> **What is needed**
Since the copy must hold text only, transcribe the data below exactly and omit the images.

> **Provided data**
● ● ● ●

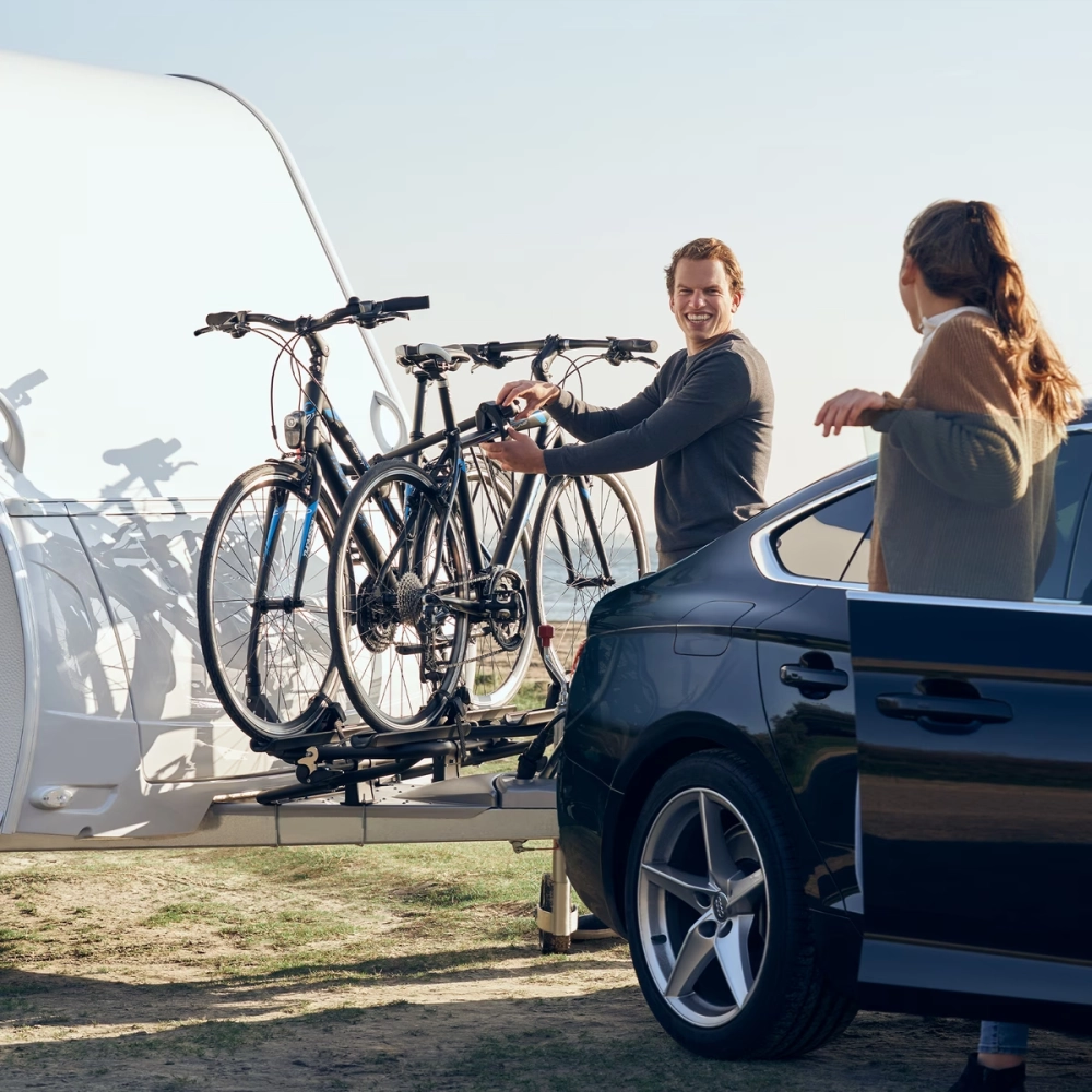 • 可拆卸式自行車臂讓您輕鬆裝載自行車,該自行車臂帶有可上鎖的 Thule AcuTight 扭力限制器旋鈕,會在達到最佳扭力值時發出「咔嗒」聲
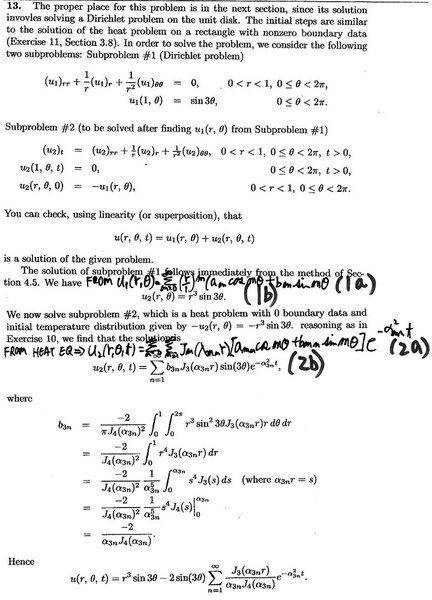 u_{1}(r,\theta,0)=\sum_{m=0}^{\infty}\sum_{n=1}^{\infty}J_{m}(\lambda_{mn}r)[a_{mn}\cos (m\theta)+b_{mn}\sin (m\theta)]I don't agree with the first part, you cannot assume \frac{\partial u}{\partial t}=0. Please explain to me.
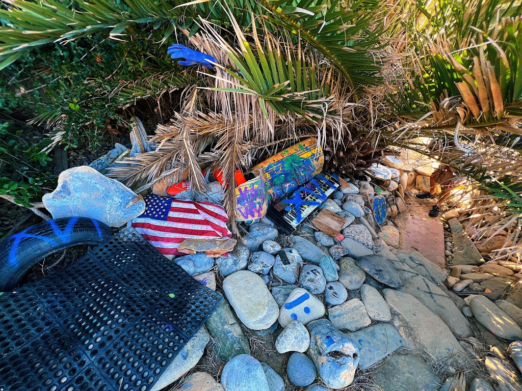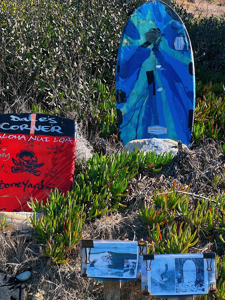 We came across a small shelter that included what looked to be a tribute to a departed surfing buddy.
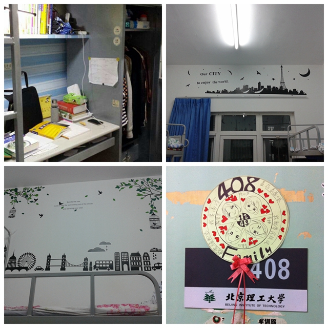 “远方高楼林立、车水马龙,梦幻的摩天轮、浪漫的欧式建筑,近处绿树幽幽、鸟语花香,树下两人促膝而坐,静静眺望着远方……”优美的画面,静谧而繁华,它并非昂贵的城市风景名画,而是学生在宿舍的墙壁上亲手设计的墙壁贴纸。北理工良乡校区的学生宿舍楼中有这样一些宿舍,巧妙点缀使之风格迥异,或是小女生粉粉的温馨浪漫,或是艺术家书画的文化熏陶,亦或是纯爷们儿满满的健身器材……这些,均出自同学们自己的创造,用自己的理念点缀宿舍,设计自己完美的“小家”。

● ● ● ●

> **Answer space**
 • 可拆卸式自行車臂讓您輕鬆裝載自行車,該自行車臂帶有可上鎖的 Thule AcuTight 扭力限制器旋鈕,會在達到最佳扭力值時發出「咔嗒」聲
 u_{1}(r,\theta,0)=\sum_{m=0}^{\infty}\sum_{n=1}^{\infty}J_{m}(\lambda_{mn}r)[a_{mn}\cos (m\theta)+b_{mn}\sin (m\theta)]I don't agree with the first part, you cannot assume \frac{\partial u}{\partial t}=0. Please explain to me.
 We came across a small shelter that included what looked to be a tribute to a departed surfing buddy.
 “远方高楼林立、车水马龙,梦幻的摩天轮、浪漫的欧式建筑,近处绿树幽幽、鸟语花香,树下两人促膝而坐,静静眺望着远方……”优美的画面,静谧而繁华,它并非昂贵的城市风景名画,而是学生在宿舍的墙壁上亲手设计的墙壁贴纸。北理工良乡校区的学生宿舍楼中有这样一些宿舍,巧妙点缀使之风格迥异,或是小女生粉粉的温馨浪漫,或是艺术家书画的文化熏陶,亦或是纯爷们儿满满的健身器材……这些,均出自同学们自己的创造,用自己的理念点缀宿舍,设计自己完美的“小家”。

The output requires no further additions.